Несмотря на критическое отношение Пушкина к провинциальному помещичьему быту, в период ссылки и последующих приездов в Михайловское поэт должен был погружаться в его специфическую атмосферу хотя бы у Осиповых-Вульф. Круг общения Сергея Львовича и Надежды Осиповны был гораздо шире, охватывал десятки усадеб Псковской губернии, а содержание бесед, если судить по переписке, составляло обсуждение, в том числе, родственных связей и счетов, а также давних конфликтов. Как писал Блок, «дворяне — все родня друг другу»; среди знакомых родителей и сестры Пушкина была в том числе «г-жа Окунева», жена четвероюродного брата Надежды Осиповны Пушкиной Н.А. Окунева, с предком которого связан один из конфликтов между помещиками середины XVIII века [Щербатова 1993: 141—143]. Конфликт получил отражение в документах, хранящихся в Древлехранилище (Отделе рукописей) Псковского музея-заповедника и составляющих фонд Горяинова.
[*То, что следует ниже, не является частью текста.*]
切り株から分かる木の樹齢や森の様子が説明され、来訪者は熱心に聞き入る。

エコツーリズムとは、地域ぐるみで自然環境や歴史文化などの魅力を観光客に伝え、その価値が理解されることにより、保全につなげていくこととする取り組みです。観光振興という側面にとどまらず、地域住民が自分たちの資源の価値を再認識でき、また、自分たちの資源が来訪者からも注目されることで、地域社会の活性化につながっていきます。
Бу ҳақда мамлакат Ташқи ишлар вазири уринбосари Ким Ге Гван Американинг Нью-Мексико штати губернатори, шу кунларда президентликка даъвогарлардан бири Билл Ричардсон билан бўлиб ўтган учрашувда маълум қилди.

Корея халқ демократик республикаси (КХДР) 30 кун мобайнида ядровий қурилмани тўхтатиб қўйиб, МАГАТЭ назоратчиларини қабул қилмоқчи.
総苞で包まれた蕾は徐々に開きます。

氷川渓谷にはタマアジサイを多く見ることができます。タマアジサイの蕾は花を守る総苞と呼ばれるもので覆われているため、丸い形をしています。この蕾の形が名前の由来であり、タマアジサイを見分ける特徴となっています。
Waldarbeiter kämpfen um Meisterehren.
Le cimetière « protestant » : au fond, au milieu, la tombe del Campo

Исследование этих документов возможно с применением методов интеллектуальной истории, подразумевающих детальный анализ события и его интерпретацию в понятиях и терминах эпохи.
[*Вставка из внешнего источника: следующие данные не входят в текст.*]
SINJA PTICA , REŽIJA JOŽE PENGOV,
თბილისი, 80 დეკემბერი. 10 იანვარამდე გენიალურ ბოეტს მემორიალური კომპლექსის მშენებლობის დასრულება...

Несколько документов фонда посвящены острому конфликту между двумя помещиками, находившимися в родственных отношениях. Главные действующие лица конфликта — помещики Пусторжевского уезда Иван Кириллович Горяинов, солдат Сенатской роты, и Михаил Алексеевич Окунев, прапорщик Нарвского гарнизонного полка. Окунев был женат на сестре Горяинова Фекле Кирилловне, но к началу 1745 года овдовел. Горяинов решил выкупить поместные дачи Окунева, очевидно, получив согласие последнего. 16 февраля в Псковской провинциальной канцелярии была совершена сделка, составлена купчая крепость, и земли Окунева с крестьянским населением, исключая две семьи дворовых людей, должны были перейти к Горяинову. Тем временем продавец передумал «поступаться» имением, уже составленная крепость так и не была подписана Окуневым, а он сам отказался принять плату за проданное имение — 250 рублей. Горяинов обратился в Псковскую провинциальную канцелярию, рассчитывая принудить Окунева принять деньги и получить от продавца крепость на имение, однако, как писал он позднее, «токмо крепость еще ныне за следованием оного дела мне не отдана»[1]. Таким образом, Горяинов вступил во владение поместьем, не оформив окончательно документы на право владения.
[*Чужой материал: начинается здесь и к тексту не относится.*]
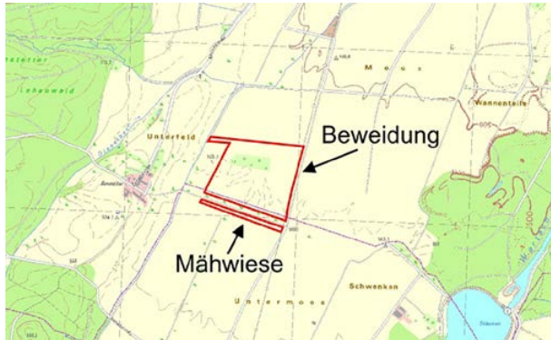
Abb. 2: Umgriff der untersuchten Ausgleichsflächen
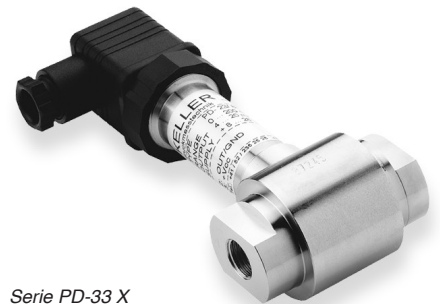
Serie PD-33 X
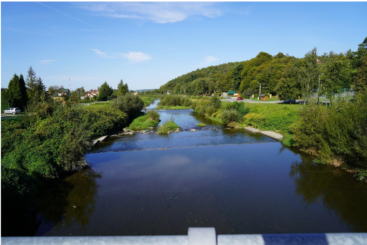
Zdjęcie 1 Rzeka Brennica, widok z mostu na ul. Bielskiej

Z uwagi na charakterystykę wymienionych powyżej rzek i potoków nie stanowią one odpowiednich miejsc umożliwiających organizację kąpielisk ani miejsc okazjonalnie wykorzystywanych do kąpieli.
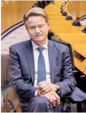
Rolandas PAKSAS, Europos Parlamento frakcijos „Laisvės ir tiesioginės demokratijos Europa“ vicepirmininkas
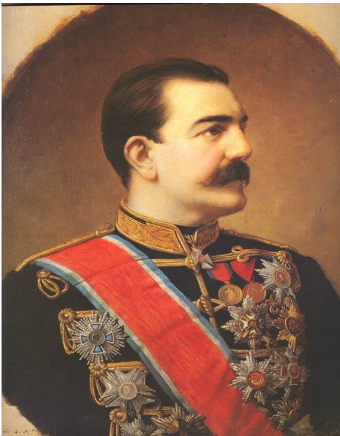
6. Српски краљ Милан Обреновић (уље на платну сликара Стеве Тодоровића, 1881)
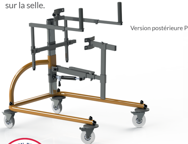
Version postérieure P

Тем временем Окунев совершил вооруженное нападение на имение своего свойственника и покупателя. В «доношении» Горяинов писал: «В нынешнем 745 году в июне месяце оный Окунев неведомо по какому делу или по чьему научению в противность указам и военного артикула приехал с немалым числом с людьми и со крестьянами своими во Псковскую провинцию Вревского уезда в Богородицкую губу в деревню мою Марфино, да того ж уезда и губы в деревню Выставку, в которой деревне он Окунев с показанными людьми и своими крестьянами как в проданной мне указной части, так и протчих моих крестьян, и крестьянских жен и детей их мучительно били неведомо за что, и пожитки их крестьянские как хлеб, так скот и деньги и протчее все без остатку пограбили, да впредь похваляютца больше чинить разорение крестьяном… Да оной же Окунев, не довольствуяся того крайняго разорения, означенных крестьян моих загнав в усадище ево Игумново с обоих деревень показанных крестьян и жен их человек более тридцати, и держал на работы более месяца яко злодеев день и ночь, от которого мучения они все пришли во всеконечное разорение и скудость…»[2]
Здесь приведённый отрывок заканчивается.